Chegaram depois à avenida, que tinha sido renovada, mas Carlos espantava-se
com o aspeto molengão dos rapazes que por ali passeavam, vestindo segundo os
figurinos franceses mas faltando-lhes o sentido estético.
Os dois amigos concluíram então que o que se mantinha genuíno em Lisboa era o
alto da cidade, o casario pelas encostas, os palacetes, os conventos e as igrejas.
Cruzaram-se com Charlie, o filho da Gouvarinho e viram Eusebiozinho, que subia a
avenida, de braco dado com uma mulher muito forte. Tinha um aspeto ainda mais
triste e molengão, e dizia-se que a mulher lhe batia. Carlos, recordando o artigo
publicado no jornal A Corneta do Diabo, a mando de Dâmaso e de Eusebiozinho,
perguntou por Palma Cavalão e Ega esclareceu que ele tinha deixado a literatura e
se dedicava à política.
Apanharam depois uma tipoia para o Ramalhete. Viram Alencar ao longe e Ega
explicou a Carlos que se tornara amigo dele, por ser um dos poucos homens que se
mantinha genuíno e com sentido de honestidade, lealdade e generosidade. O
procurador Vilaça já os esperava e apresentou-lhes o jardineiro que ali vivia com a
mulher e o filho, guardando o Ramalhete.
Os dois amigos percorreram as diversas salas, onde se guardavam os móveis e os
objetos trazidos da Toca. Ficaram emocionados ao visitar o escritório de Afonso e
romperam em espirros, devido a um pó que Vilaça colocara sobre os móveis e os
lençóis que os tapavam. Alguns móveis estavam preparados para serem levados
para Paris, onde Carlos fixara a sua morada. Relembraram o reverendo Bonifácio, o
gato de estimação de Afonso, e Carlos falou sobre a sua morte em Santa Olávia.

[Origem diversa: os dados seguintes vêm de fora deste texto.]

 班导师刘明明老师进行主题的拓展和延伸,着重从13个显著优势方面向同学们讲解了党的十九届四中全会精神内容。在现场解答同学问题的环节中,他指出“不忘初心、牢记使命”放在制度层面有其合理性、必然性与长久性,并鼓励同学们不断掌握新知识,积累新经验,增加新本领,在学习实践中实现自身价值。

Carlos comunicou então ao amigo que Maria Eduarda ia casar com Mr. de Trelain,
vendo nisso a união de dois seres desiludidos da vida que queriam afrontar juntos a
velhice.
Já no quarto de Carlos, os amigos concluíram que haviam falhado na vida, não
tendo levado por diante os seus projetos. Carlos comoveu-se, verificando que só
vivera dois anos naquela casa, mas que era ali que estava toda a sua vida. Ega
reconheceu que, afinal, não tinham passado de uns românticos, governando-se na
vida mais pelo sentimento do que pela razão.

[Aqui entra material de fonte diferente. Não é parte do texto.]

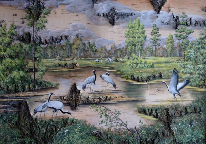 Роспись по бересте известна на Руси с XV века, однако сегодня этим занимаются единицы. Природа «расписывает» бересту по своему усмотрению, украшая причудливыми наплывами, завитками и сочетаниями штрихов. Береста – материал, который редко используется художниками, поэтому мастера живописи на бересте, безусловно, привлекают внимание. Современный российский художник Сергей Иванович Сурин, один из немногих, кто занимается темперной живописью на бересте. Темперной называют эту живопись за используемые краски.

Por fim, decidiram fixar a sua teoria sobre a vida, o «fatalismo muculmano»: nada
desejar e nada recear, não ter ambições nem esperanças e tudo aceitar com
resignação e com a consciência acerca da impossibilidade de se ter qualquer
controlo sobre a vida.
Concluíram que não valia a pena correr para nada, «nem para o amor nem para a
glória nem para o dinheiro nem para o poder», mas, já na rua, aperceberam-se do
adiantado da hora e correram desesperadamente para apanhar um americano'.
Afinal, tendo eles decidido que não valia a pena correr fosse para o que fosse,
apenas apressavam o passo para satisfazerem os apetites do estômago, pois
estavam atrasados para o jantar que Carlos tinha marcado no Hotel Bragança.